Figure 2. Effect of active immunization on the protection of mice against B. parapertussis infection. (A) Groups of animals were immunized with OMVs(Bpp-LPS-O+), OMVs(Bpp-LPS-O−) or non-immunized. (B) Groups of animals were immunized with BppLPS-O+, BppLPS-O− or were non-immunized. (C) Groups of animals were immunized with OMVs(Bpp-LPS-O−) supplemented with BppLPS-O+, OMVs(Bpp-LPS-O−) supplemented BppLPS-O− or were non-immunized. For all panels, the challenge was performed with B. parapertussis AR729 (5 x 107 CFUs in 40 μL) as the pathogen. In each of the three panels, the number of bacteria recovered from the mouse lungs, expressed as the log10 of the means ± SEM (error bars) of the CFUs per lungs, is plotted on the ordinate for the samples from the lungs of the experimental groups indicated on the abscissa. Graphs show values for individual mice and the median value (bar, n = 12 mice) at 7 days after challenge. The dotted horizontal line marks the lower limit of detection. The asterisks (*) indicate significant differences at a p < 0.001 (ANOVA followed by the Bonferroni post-hoc test).

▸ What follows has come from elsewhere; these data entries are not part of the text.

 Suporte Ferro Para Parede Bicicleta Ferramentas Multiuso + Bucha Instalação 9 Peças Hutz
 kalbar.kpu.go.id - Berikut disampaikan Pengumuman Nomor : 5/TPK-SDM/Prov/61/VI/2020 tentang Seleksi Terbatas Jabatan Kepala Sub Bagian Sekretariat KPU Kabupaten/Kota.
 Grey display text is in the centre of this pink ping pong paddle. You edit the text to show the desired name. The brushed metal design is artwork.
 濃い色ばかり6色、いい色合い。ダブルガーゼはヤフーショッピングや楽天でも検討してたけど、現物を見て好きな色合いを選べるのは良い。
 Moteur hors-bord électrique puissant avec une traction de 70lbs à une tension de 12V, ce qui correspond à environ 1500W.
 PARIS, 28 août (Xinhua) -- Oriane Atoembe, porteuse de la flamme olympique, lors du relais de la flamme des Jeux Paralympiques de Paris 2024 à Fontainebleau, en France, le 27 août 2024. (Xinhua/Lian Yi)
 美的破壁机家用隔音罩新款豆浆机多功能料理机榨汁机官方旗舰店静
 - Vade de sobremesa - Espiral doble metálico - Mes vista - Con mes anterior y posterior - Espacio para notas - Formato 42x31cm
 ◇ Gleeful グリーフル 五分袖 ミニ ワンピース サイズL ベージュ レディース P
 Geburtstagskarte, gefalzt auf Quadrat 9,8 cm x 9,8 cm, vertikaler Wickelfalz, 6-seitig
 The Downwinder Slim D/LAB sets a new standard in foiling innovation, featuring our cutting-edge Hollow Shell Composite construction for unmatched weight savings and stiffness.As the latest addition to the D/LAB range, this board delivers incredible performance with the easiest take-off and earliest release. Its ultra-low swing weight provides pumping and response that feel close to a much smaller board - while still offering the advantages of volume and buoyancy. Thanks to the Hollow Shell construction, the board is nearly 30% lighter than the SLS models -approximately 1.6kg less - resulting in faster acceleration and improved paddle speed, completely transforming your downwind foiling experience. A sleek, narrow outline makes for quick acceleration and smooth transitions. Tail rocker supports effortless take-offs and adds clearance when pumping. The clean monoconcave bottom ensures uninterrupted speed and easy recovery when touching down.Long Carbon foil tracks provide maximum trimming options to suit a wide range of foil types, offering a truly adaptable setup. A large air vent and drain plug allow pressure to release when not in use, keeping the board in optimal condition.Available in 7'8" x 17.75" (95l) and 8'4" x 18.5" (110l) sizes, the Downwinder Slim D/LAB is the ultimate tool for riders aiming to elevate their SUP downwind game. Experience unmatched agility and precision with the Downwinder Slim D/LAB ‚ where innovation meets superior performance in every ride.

We next sought to investigate if the different protective capabilities detected for the two OMVs studied here correlated with the corresponding LPSs purified from those OMVs from the two strains of B. parapertussis. To that end, we performed in-vivo protection assays using the LPSs isolated from the OMVs derived from each strain, BppLPS-O+ and BppLPS-O−, as vaccines. Mice (n = 12 per each group) were accordingly immunized twice with the purified LPSs (1 μg) and then challenged 2 weeks after the second immunization with a sublethal dose of B. parapertussis AR729 strain, with non-immunized mice being used as a negative control. For the LPS-O+ used in the immunization schedule, but not for the LPS-O−, highly significant differences of more than 4.5 logs in the lung B. parapertussis colony-formation counts were obtained between the LPS-O+ immunized animals and the negative control group or the LPS-O−-immunized animals (p < 0.001; Figure 2B). Consistent with the role of the O antigen in conferring immune protection, when the purified LPS-O+ was added to the formulation based on the OMVs(Bpp-LPS-O−), protection against B. parapertussis infection was restored to the levels detected for the OMVs(Bpp-LPS-O+) vaccine (Figure 2C). As would be expected, no such restoration occurred when the same trial was performed with the purified LPS-O− (Figure 2C).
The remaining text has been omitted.